## GOAL OF THE EXERCISE
Begin at the line below that has "Dragon Natural Obsidian". Stop after the line that has "为着这美好的画面,今日添了一", repeating each line exactly and leaving out the pictures.

## DATA FOR REVIEW
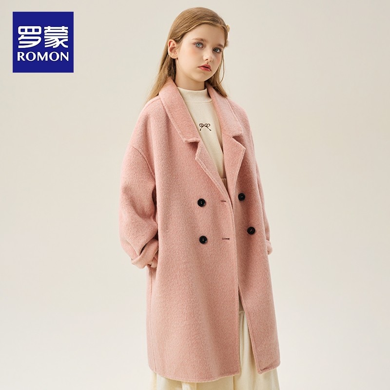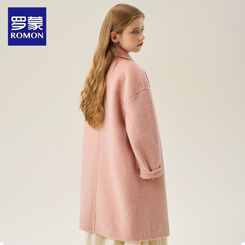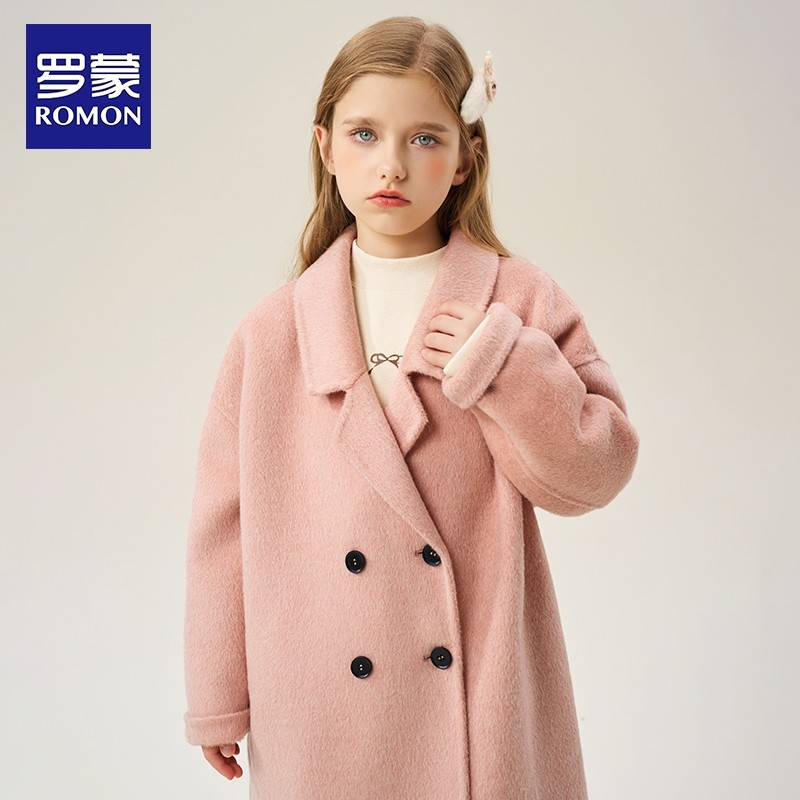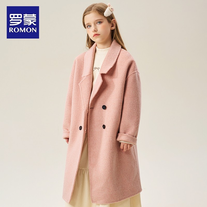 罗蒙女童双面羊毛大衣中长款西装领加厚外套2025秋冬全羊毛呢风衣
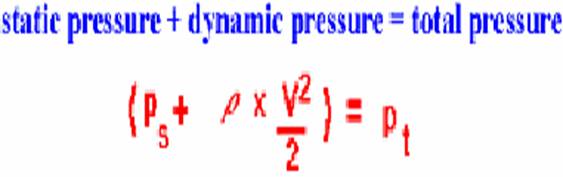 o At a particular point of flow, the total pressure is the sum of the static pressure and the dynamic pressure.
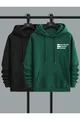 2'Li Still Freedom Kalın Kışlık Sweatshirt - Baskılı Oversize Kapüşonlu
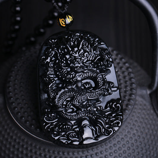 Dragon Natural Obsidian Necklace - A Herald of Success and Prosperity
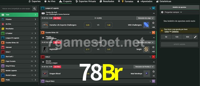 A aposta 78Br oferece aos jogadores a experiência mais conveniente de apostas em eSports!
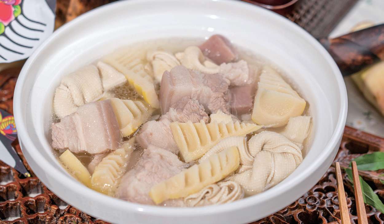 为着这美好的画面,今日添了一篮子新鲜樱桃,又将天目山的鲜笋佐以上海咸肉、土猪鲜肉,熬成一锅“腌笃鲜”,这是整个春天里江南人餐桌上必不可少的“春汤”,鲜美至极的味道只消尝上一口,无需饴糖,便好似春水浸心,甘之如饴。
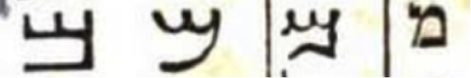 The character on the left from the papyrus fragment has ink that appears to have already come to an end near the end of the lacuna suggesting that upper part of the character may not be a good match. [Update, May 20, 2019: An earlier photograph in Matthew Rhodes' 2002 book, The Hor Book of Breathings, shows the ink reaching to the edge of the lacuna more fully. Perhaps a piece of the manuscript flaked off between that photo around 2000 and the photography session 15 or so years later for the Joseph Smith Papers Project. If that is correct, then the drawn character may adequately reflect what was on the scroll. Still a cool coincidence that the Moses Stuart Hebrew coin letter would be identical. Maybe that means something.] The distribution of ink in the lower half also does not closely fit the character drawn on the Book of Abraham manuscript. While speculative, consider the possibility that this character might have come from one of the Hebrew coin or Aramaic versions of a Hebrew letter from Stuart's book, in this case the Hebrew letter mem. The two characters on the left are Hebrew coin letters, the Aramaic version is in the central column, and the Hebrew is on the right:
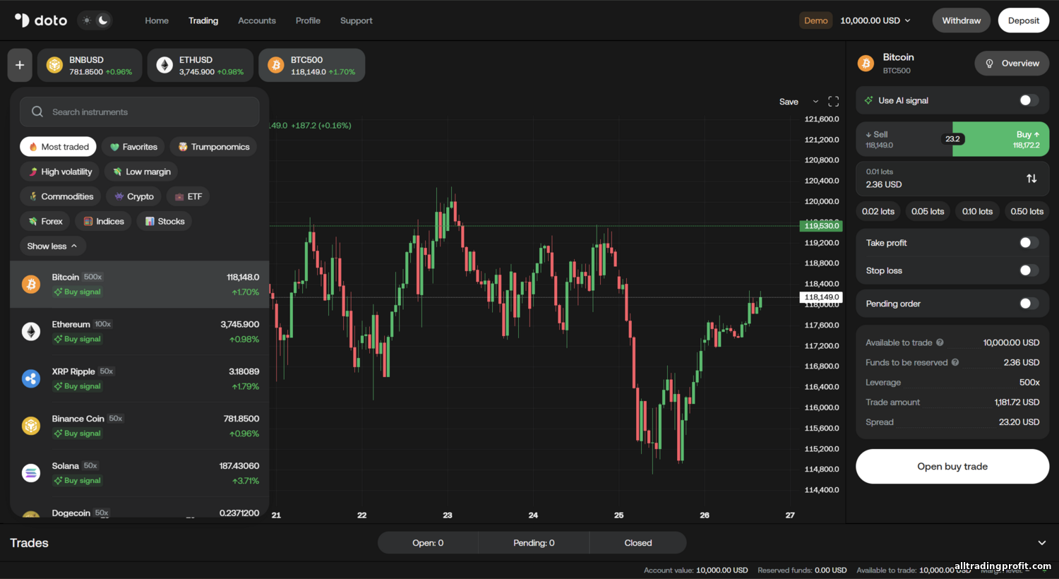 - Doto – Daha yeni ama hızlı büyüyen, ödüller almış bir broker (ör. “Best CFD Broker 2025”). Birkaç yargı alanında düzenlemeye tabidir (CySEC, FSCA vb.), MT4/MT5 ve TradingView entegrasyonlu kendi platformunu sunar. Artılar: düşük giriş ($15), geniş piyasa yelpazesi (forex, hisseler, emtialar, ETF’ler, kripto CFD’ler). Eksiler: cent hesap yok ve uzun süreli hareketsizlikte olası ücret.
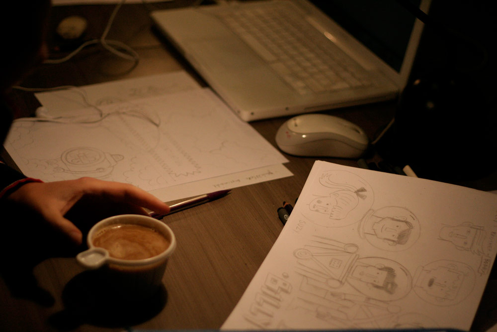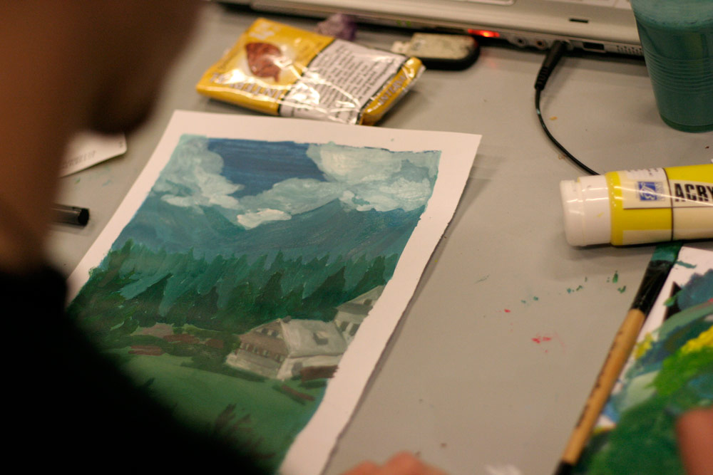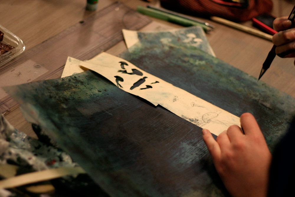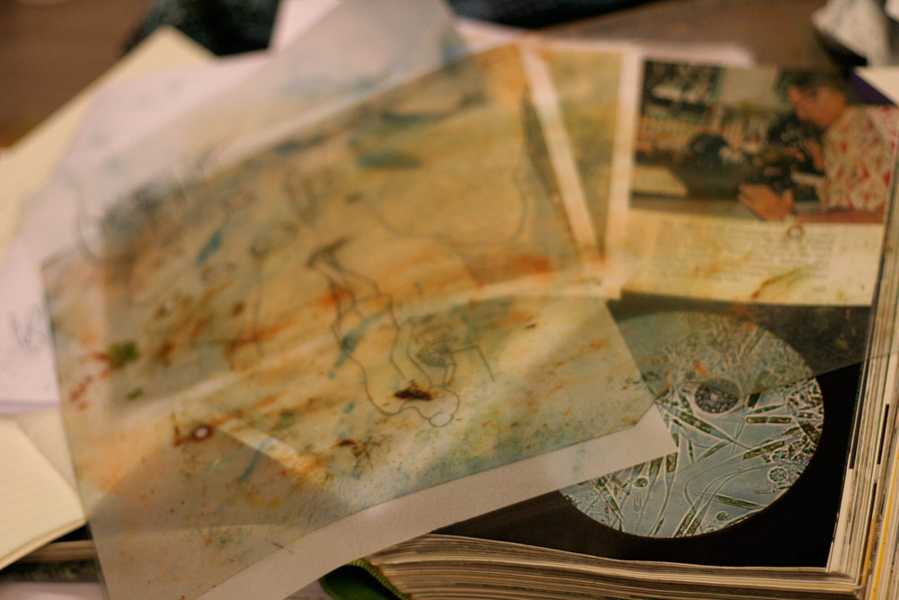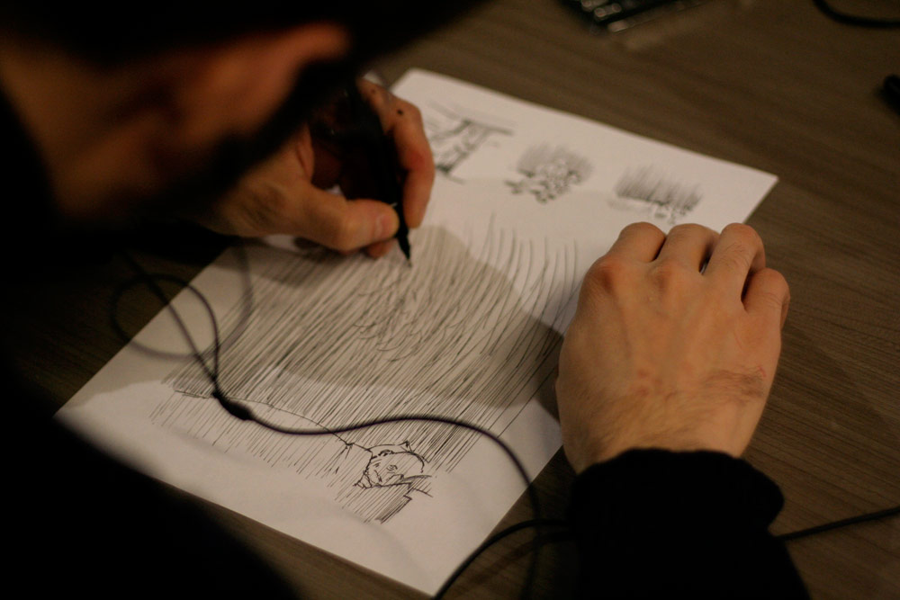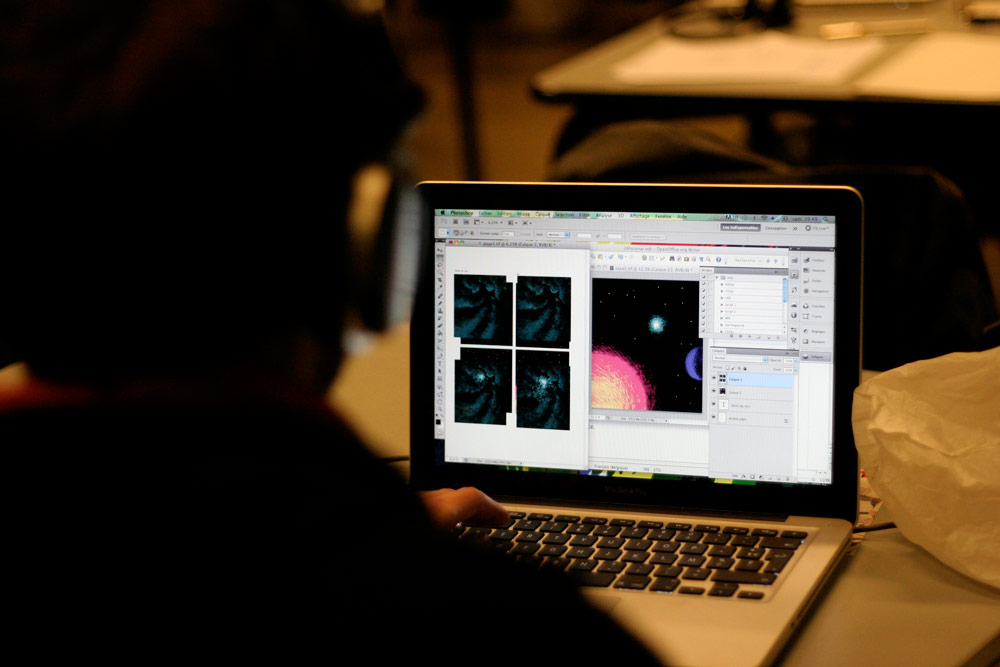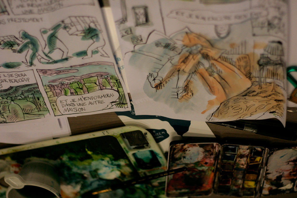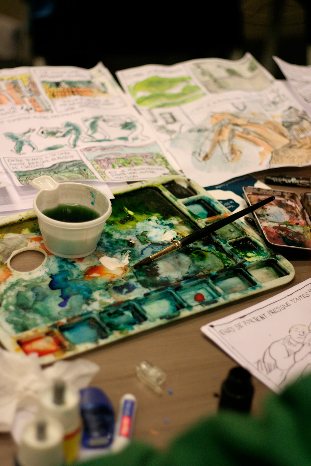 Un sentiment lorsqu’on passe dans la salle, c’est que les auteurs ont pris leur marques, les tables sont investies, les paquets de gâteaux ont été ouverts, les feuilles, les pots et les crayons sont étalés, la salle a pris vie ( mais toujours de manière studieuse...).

## SOLUTION FOR THIS TASK
 Dragon Natural Obsidian Necklace - A Herald of Success and Prosperity
 A aposta 78Br oferece aos jogadores a experiência mais conveniente de apostas em eSports!
 为着这美好的画面,今日添了一篮子新鲜樱桃,又将天目山的鲜笋佐以上海咸肉、土猪鲜肉,熬成一锅“腌笃鲜”,这是整个春天里江南人餐桌上必不可少的“春汤”,鲜美至极的味道只消尝上一口,无需饴糖,便好似春水浸心,甘之如饴。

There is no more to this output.